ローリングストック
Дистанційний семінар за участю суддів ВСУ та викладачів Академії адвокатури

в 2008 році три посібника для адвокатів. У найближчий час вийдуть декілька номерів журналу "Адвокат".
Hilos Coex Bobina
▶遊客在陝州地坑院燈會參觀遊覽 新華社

==========

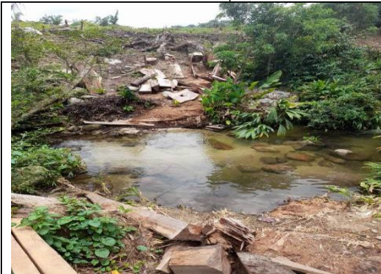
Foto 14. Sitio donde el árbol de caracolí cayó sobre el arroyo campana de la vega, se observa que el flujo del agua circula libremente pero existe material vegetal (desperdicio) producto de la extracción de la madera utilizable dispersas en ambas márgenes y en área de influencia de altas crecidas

==========

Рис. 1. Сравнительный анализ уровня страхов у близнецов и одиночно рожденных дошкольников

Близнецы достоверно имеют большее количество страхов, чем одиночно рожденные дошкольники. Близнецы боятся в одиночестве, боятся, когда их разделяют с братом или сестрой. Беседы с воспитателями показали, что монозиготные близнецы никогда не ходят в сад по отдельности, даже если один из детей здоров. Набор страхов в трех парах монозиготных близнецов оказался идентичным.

==========

- [Instructions for the task]:
From the entries above, copy each line holding "одиночно".

- [Written response]:
Рис. 1. Сравнительный анализ уровня страхов у близнецов и одиночно рожденных дошкольников
Близнецы достоверно имеют большее количество страхов, чем одиночно рожденные дошкольники. Близнецы боятся в одиночестве, боятся, когда их разделяют с братом или сестрой. Беседы с воспитателями показали, что монозиготные близнецы никогда не ходят в сад по отдельности, даже если один из детей здоров. Набор страхов в трех парах монозиготных близнецов оказался идентичным.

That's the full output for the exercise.